3)       “Nature” is given a total of 2 of every Brown major and minor piece: Nature’s Queen, Rook, Knight and Bishop; none of these 8 pieces are on the board at game start. Captured Nature’s pieces may not be re-used: once all Nature’s pieces are captured, Brown is done for the remainder of the game.            

(Please read “Advanced Rules” for optional rules on Nature’s King and pawn.)

4)    Nature’s pieces can capture as well as be captured, just like a regular chess piece.

5)   Nature’s piece may not be introduced onto a square that threatens a ‘regular player’s’ piece other than a 'regular' pawn. Though, they are free to be introduced onto a square threatened by a ‘regular’ player’s piece.

6)      No more than 2 Nature’s pieces may exist on the board at a time.

7)    No more than 1 major nature’s piece may be used at a time. (Two of Nature’s Rooks or Nature’s Queens may not be on the board at the same time; neither can 1 Nature’s Queen and 1 Nature’s Rook.)

 

 

Determining victory – Since Nature’s King is neither required to be on the board at all times nor does it succumbs to checkmate (Brown’s not a ‘real’ player!), he/she cannot lose. Neither can he/she win: when one or both ‘real’ players are checkmated by Brown, the game ends in a  stalemate. Since both armies failed to checkmate the other, neither of them can claim victory; even if Brown checkmates only one of them.

 

 

Check, Checkmate and Castling – Thoughit’s possible to deliver check/checkmate with a Brown piece, it may be a little more complex when considering that Brown doesn’t have a chance to move until ever 5 ‘real’ turns have passed.
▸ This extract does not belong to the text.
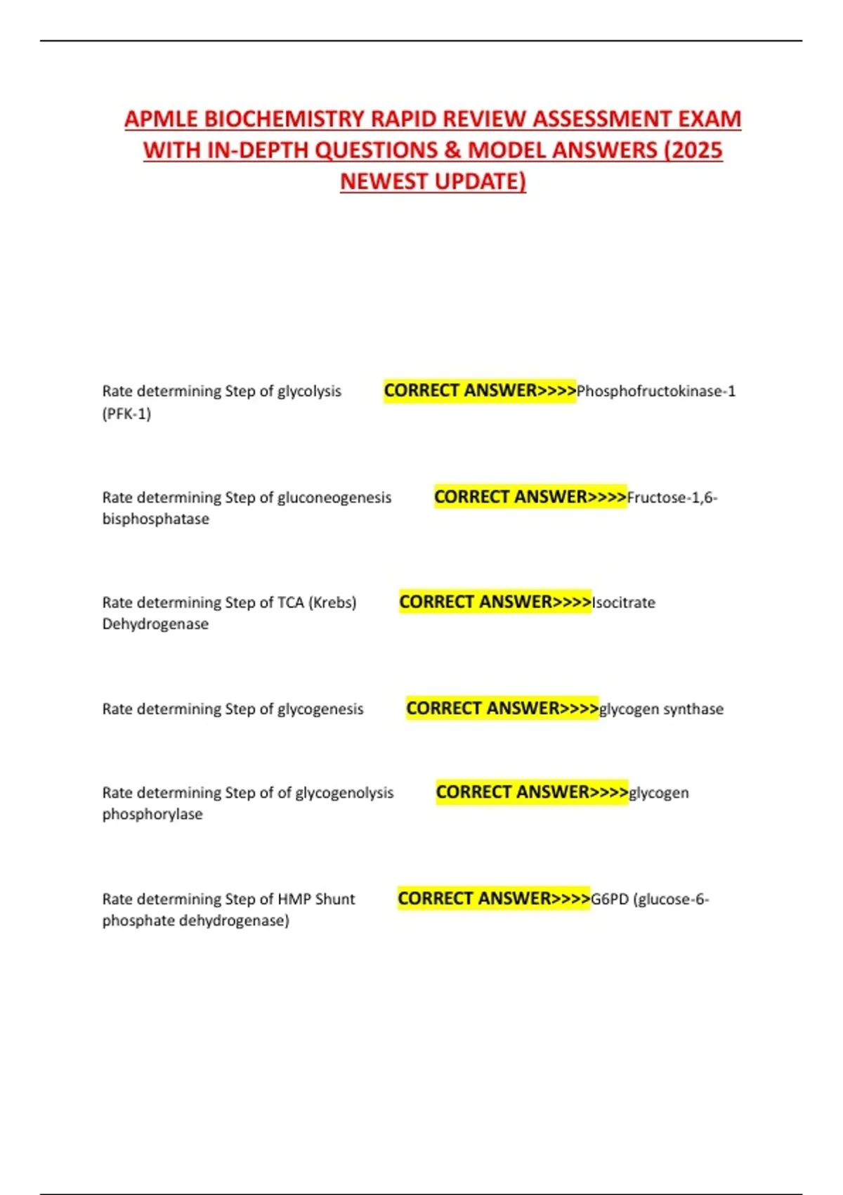 APMLE BIOCHEMISTRY RAPID REVIEW ASSESSMENT EXAM

If Brown makes a move that would threaten either or both Kings, the King in question is technically not in check until 3 or 4 moves have passed since the threatening in-between move has been made. This is because by the 4th or 5th move counting from the most previous in-between turn, the next in-between turn could possibly happen before the ‘real’ player is able to move again, thus illegally putting the King up for capture.

Likewise, check restrictions that prevent castling due to a threatening Brown piece apply only during specified 4th or 5th ‘real’ move: during the 1st, 2nd or 3rd ‘real’ move, a player may perform Castling, despite any Brown piece that might threaten his/her King or otherwise threaten the square where the King must move through check.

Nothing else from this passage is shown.